In April, FutureBacks.com ranked Brooks Brown as the second-best prospect in the Arizona Diamondbacks organization. Since then, the former Bulldog has lost velocity on his fastball and failed to improve the other areas of his game, causing him to slip a rung on the organizational ladder.


Name: Brooks Brown
Draft: 34th overall, 2006
Position: Right Handed Pitcher
DOB: 6/20/1985
Height: 6'3"
Weight: 205 lbs
B/T: L/R

History: Brown was a pretty unremarkable pitcher until his junior season, when he led the Georgia Bulldogs to the second highest win total in school history and an appearance in the College World Series.  That was enough for the Diamondbacks to select him with the 34th overall pick in the June draft and offer him a signing bonus just under one million dollars.

Brown soon justified the Diamondbacks' enthusiasm, tearing through A-ball and handling Double-A reasonably well in his first full pro season.  He then began the 2008 season at Double-A and continued to perform, carrying a 3.54 ERA through his first 20 starts.  His final half-dozen starts produced a 6.40 ERA, however.  That, combined with the struggles of his BayBears teammates, made his overall 2008 stat line look like it does not belong to a top prospect.   
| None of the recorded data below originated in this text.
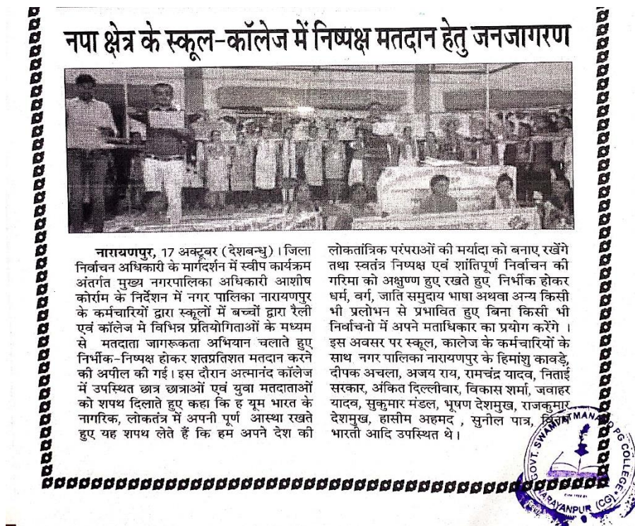
Figure 12. Voter id link with Aadhaar Card Campaign through SVEEP
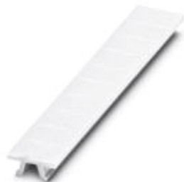
Zackband, 10-teilig, längs bedruckt mit den fortlaufenden Zahlen: 191 ... 200, weiß, Breite: 6 mm

Bitte beachten Sie, dass die hier angegebenen Daten dem Online-Katalog entnommen sind. Die vollständigen Informationen und Daten entnehmen Sie bitte der Anwenderdokumentation. Es gelten die Allgemeinen Nutzungsbedingungen für Internet-Downloads. ( http://phoenixcontact.de/download )
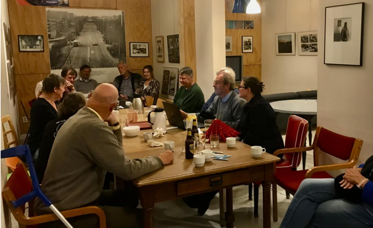
Uitje voor vrijwilligers en bestuurders, 8 november 2025
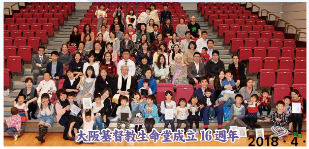
大阪基督教生命堂成立16週年 2018.4

05 Georgia 4 2 5.51 16 7 49.0 67 38 30 5 15 42 1.67
06 Georgia 8 4 4.07 19 19 110.2 101 59 50 9 44 123 1.31
  Yakima 0 2 3.42 13 1 23.2 23 11 9 2 12 30 1.48
07 Visalia 6 3 2.81 14 14 80.0 66 30 25 2 23 74 1.11
  Mobile 4 4 3.66 12 12 66.1 64 30 27 2 36 54 1.51
08 Mobile 6 15 4.18 26 26 144.1 152 69 67 8 67 112 1.52
Minors 16 24 3.67 65 53 314.1 305 140 128 14 138 270 1.41

Statistics Courtesy of The Baseball Cube

In an effort to help regain confidence, Brown was assigned to the Arizona Fall League.  There, he only enjoyed mixed success, as he went 2-0 with a 0.71 ERA over his best three fall starts, but 0-3 10.38 in the remaining four.  He figures to begin 2009 in the hitter-friendly Pacific Coast League, where his ability to induce groundballs will prove paramount.

Makeup: Brown is solidly built and uses good mechanics, answering the health and durability questions surrounding him after his miserable August.  He does fall off to the first base side considerably after his release, which makes him more susceptible to a freak injury than the average pitcher. 

Mentally, Brown has shown the ability to bounce back from poor stretches and keep hitters off-balance with only two quality pitches deep into games.  There was an incident that rattled Brown in college in which he hit a batter in the face with a pitch.  While he has certainly recovered from that incident, it shows that he is not impervious to psychological wear.           

Pitches:  Fastball, Slider, and Changeup

Brown's fastball usually sits in the 92-93 MPH range, but it was more like 89-91 throughout the 2008 season.  It still has excellent sinking action, but when he left it up in the zone at that reduced velocity, it got hit hard.  Actually, a disturbing trend can be seen in his ground-out-to-air-out ratio from Visalia '07, to Mobile '07, to Mobile '08: 1.75, 1.45, 1.28.     

When he isn't inducing ground outs, he can still miss some bats with his excellent slider.  That hard breaking pitch has good movement, both vertically and horizontally.  The one knock on the pitch is Brown's inconsistent command of it.

When the fastball is at full blast and he can throw the slider for strikes, that is enough for Brown to be an effective starter.  But even then, Brown can get hit hard the second and third time around in the order by good hitting teams because his changeup still isn't fully developed.  He has made good progress on the pitch since his Georgia days, but that development seemed to hit a wall this year, and Southern League hitters weren't fooled by it.

Major League Clone: Ryan Dempster

Prediction: Many scouts believe that Brown's future is in the bullpen because he only has two major league quality pitches.  It's easy to forget that he does not turn 24 until June and has just over two calendar years of professional instruction under his belt.  Brown could yet develop a third pitch - perhaps a splitter, if the straight change doesn't work for him - and become the workhorse, middle-of-the-rotation starter that the club envisioned when they drafted him.

ETA: Difficult to say with the ups and downs he experienced last year.  The Diamondbacks currently have four spots open on their 40-man roster, and Brown could find himself added to the fold before spring training.  That would allow him to make a few spot appearances at the major league level last year the way Billy Buckner did in '08.  The soonest Brown could become a mainstay in the majors is 2010, and it may take him until 2011 to become a really effective starter.